The fact is that all our teams are built around separate information systems, microservices and fronts, so the teams do not see the overall health of the entire system as a whole. For example, they may not know how a small part in the deep backend affects the front end. The range of their interests is limited to the systems with which their system is integrated. If the team and its service A have almost nothing to do with service B, then such a service is almost invisible to the team.
Our team, in turn, works with systems that are very strongly integrated with each other: there are many connections between them, this is a very large infrastructure. And the work of the online store depends on all these systems (of which, by the way, we have a huge number).
So it turns out that our department does not belong to any team, but is a little aloof. Throughout this story, our task is to understand in a complex way how information systems work, their functionality, integrations, software, network, hardware, and how all this is interconnected.
The platform on which our online stores operate looks like this:
- front
- middle-office
- back-office
As much as we would like, but there is no such thing that all systems work smoothly and flawlessly. The point, again, is the number of systems and integrations - with such as we have, some incidents are inevitable, despite the quality of testing. Moreover, both within a separate system and in terms of their integration. And you need to monitor the state of the entire platform comprehensively, and not any separate part of it.
Ideally, monitoring the health of the entire platform should be automated. And we came to monitoring as an inevitable part of this process. Initially, it was built only for the front-line part, while network specialists, software and hardware administrators had their own monitoring systems by layers. All these people followed the monitoring only at their own level; no one had a comprehensive understanding either.
For example, if a virtual machine crashed, in most cases only the administrator responsible for the hardware and the virtual machine knows about it. In such cases, the front team saw the very fact of the application crash, but they did not have data on the virtual machine crash. And the administrator can know who the customer is, and roughly imagine what is running on this virtual machine right now, provided that this is some kind of large project. He probably doesn't know about the little ones. In any case, the administrator needs to go to the owner, ask what was on this machine, what needs to be restored and what to change. And if something very serious broke down, they started running around in circles - because no one saw the system as a whole.
Ultimately, these disparate stories affect the entire front-end, users, and our core business function, online sales. Since we are not part of a team, but are engaged in the operation of all e-commerce applications as part of an online store, we took on the task of creating a comprehensive monitoring system for the e-commerce platform.

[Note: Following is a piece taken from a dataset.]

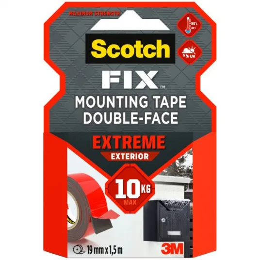 Banda dublu adeziva montare exterior, 19mmx1.5m, Scotch-Fix™ Extreme 3M Banda de montare exterioara Scotch-Fix™ Extreme cu tehnologie avansata 3M™.Sustinand pana la 10 kg, aceasta banda permanenta superioara, conformabila, este destinata utilizarii extreme in exterior si este ideala pe gips-carton vopsit, lemn vopsit/finisat, metal, acril, piatra neteda si beton vopsit. Rezistenta sporita la factori extremi de mediu (temperaturi intre -40 si +90 grade Celsius, umiditate sporita). Protectie UV.Dimensiuni: 19 mm x 1,5 m.

System structure and stack
We started by identifying several layers of monitoring for our systems, in the context of which we need to collect metrics. And all this had to be combined, which we did at the first stage. Now, at this stage, we are finalizing the highest quality collection of metrics for all our layers in order to build a correlation and understand how systems affect each other.
The lack of comprehensive monitoring at the initial stages of launching applications (since we began to build it when most of the systems were in operation) led to the fact that we had a significant technical debt to set up monitoring of the entire platform. We could not afford to focus on setting up the monitoring of a single IS and to work out monitoring for it in detail, since the rest of the systems would have been left without monitoring for some time. To solve this problem, we have identified a list of the most necessary metrics for assessing the state of the information system by layers and began to implement it.
Therefore, they decided to eat the elephant in parts.
Our system consists of:
- hardware;
- operating system;
- software;
- UI parts in the monitoring application;
- business metrics;
- integration applications;
- information security;
- networks;
- traffic balancer.
At the center of this system is monitoring itself. In order to generally understand the state of the entire system, you need to know what is happening with the applications on all these layers and in the context of the entire set of applications.
So, about the stack.
We use open source software. At the center we have Zabbix, which we use primarily as an alert system. Everyone knows that it is ideal for monitoring infrastructure. What does this mean? These are the low-level metrics that every company has that has its own data center (and Sportmaster has its own data centers) - server temperature, memory status, raid, network device metrics.
We have integrated Zabbix with Telegram messenger and Microsoft Teams, which are actively used in teams. Zabbix covers the layer of the actual network, hardware and partially software, but it is not a panacea. We enrich this data from some other services. For example, in terms of the hardware level, we connect directly via the API to our virtualization system and collect data.
What else. In addition to Zabbix, we use Prometheus, which allows monitoring metrics in a dynamic environment application. That is, we can receive application metrics via the HTTP endpoint and not worry about which metrics to load into it and which not. Based on this data, you can work out analytical queries.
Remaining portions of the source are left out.